You being a sound engineer doesn't change any of the shit I was talking about. (It wasn't even directed AT you, I was responding to someone else). Also, you complaining about sound engineering and then conveniently leaving out for absolutely zero reason that you're a SOUND ENGINEER for "low budget independent films" in the OP where you're making it sound like it's novel that you're complaining about bad audio at home is a wild choice.

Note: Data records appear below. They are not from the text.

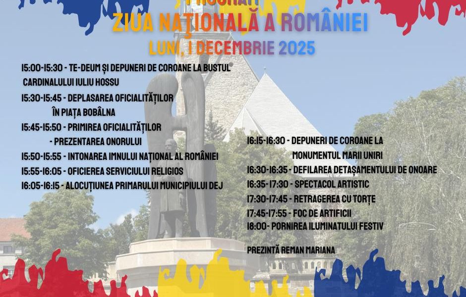 Primăria Municipiului Dej în colaborare cu Garnizoana Dej organizează luni, 1 Decembrie, manifestări dedicate ZILEI NAŢIONALE a ROMÂNIEI. Activităţile vor debuta în jurul orei 15:00 prin...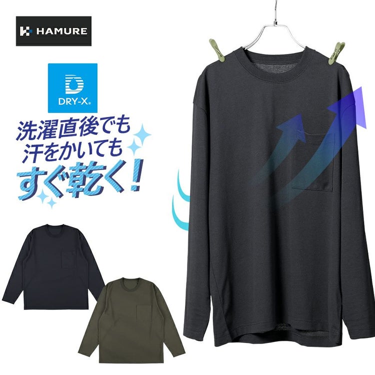 ハミューレ DRY-X超速乾長袖Tシャツ HMU-2439 メンズ ロンT ストレッチ すぐ乾く 汗対策 作業服 作業着 スポーツ HAMURE プロノ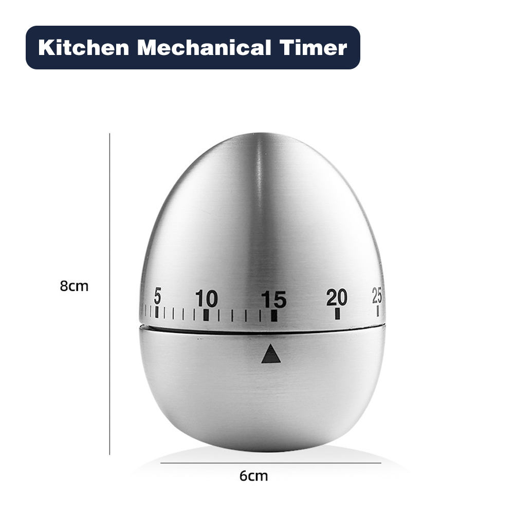 60min Kitchen Mechanical Egg-shaped Timer Stainless Steel Baking Time Reminder for Kitchen Timer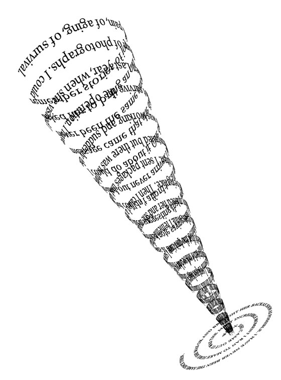 A navigational poem that presents the viewer with the image of a three-dimensional spiral jetting off the center of a two-dimensional spiral. Both spirals are made exclusively of text. The reader is able to grab and spin this cosmic verbal image in all directions. Thus, reading becomes a process of probing the virtual object from all possible angles. The reader is also able to fly through and around the object, thus expanding reading possibilities. In “Letter” a spiraling cone made of words can be interpreted as both converging to or diverging from the flat one. Together they may evoke the creation or destruction of a star. All texts are created as if they were fragments of letters written to the same person. However, in order to convey a particular emotional sphere, the author conflated the subject positions of grandmother, mother, and daughter into one addressee. It is not possible to distinguish to whom each fragment is addressed. The poem makes reference to moments of death and birth in the poet’s family. Letter is presented here as video documentation of an interactive reading experience. – EK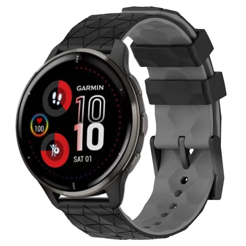 For Garmin Venu 2 Plus 20mm Football Pattern Two-Color Silicone Watch Band(Black+Grey)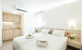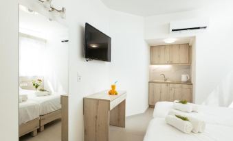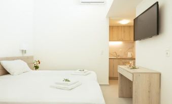 Τhe rooms has 1 double bedroom and can accommodote 2 adults. Has all the modern facilities located beachfront and included free breakfast and sun umbrella and 2 sun beds.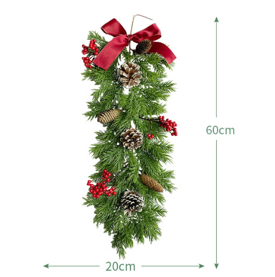 Ozdoba świąteczna, stroik, girlanda zwisająca SOSNA gumowa PE z szyszkami i czerwonymi kulkami 60x20 cm
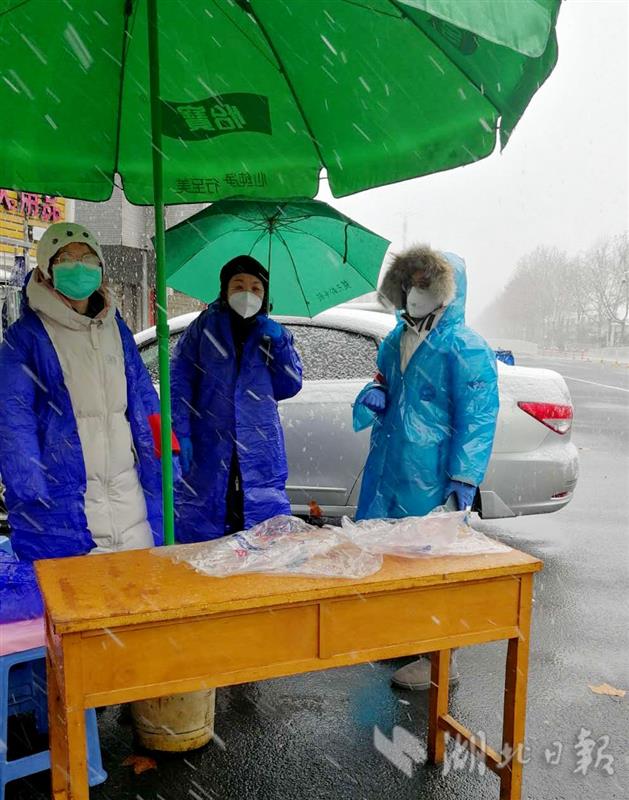 2月15日,硚口区委下沉女干部雨雪中坚守在社区防疫。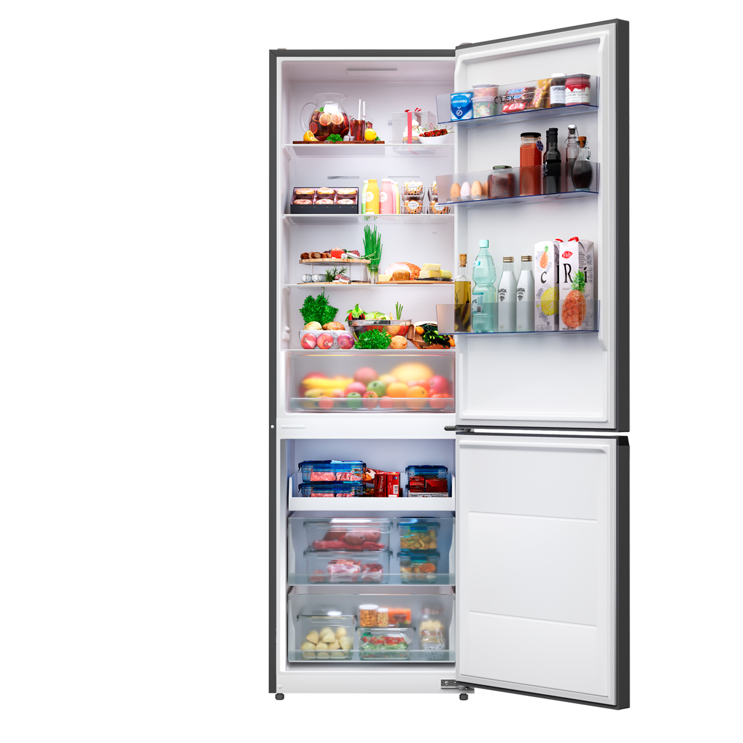 Два отделения с полезным объемом 409 литров дают возможность хранить все блюда и напитки на удобном уровне. Внутреннее пространство холодильника организовано максимально эффективно благодаря регулируемым полкам.

Movies older than 15 years ago still actually had people behind those boards who gave a shit about mixing for stereo at home because they knew a lot of folks would be listening that way. Now, that still happens (maybe to a lesser degree) today, and those mixes are still made available. What's happening a lot more NOW is that Consumers now have a habit of forcing 5.1 shit through terrible soundbars, shitty TV speakers, or not great speakers, or less speakers than needed, with processing they're not really aware of happening by automatic process inside their TV and their soundbar.

Again - none of this has shit to do with whether you run the board at concerts or not. It's not awkward that we didn't stop to acknowledge that our discussion didn't note you mix live concerts (which is really different than what we're talking about anyway, and what you're complaining about isn't really "sound engineering" either.)

And if you have a 5.1 system at home and you're having problems hearing dialog - or anything - try the stereo mix. Even if you don't WANT to try the stereo mix because "ewww, Stereo," and then see if you don't hear what's happening a little better.

90% of the time you do.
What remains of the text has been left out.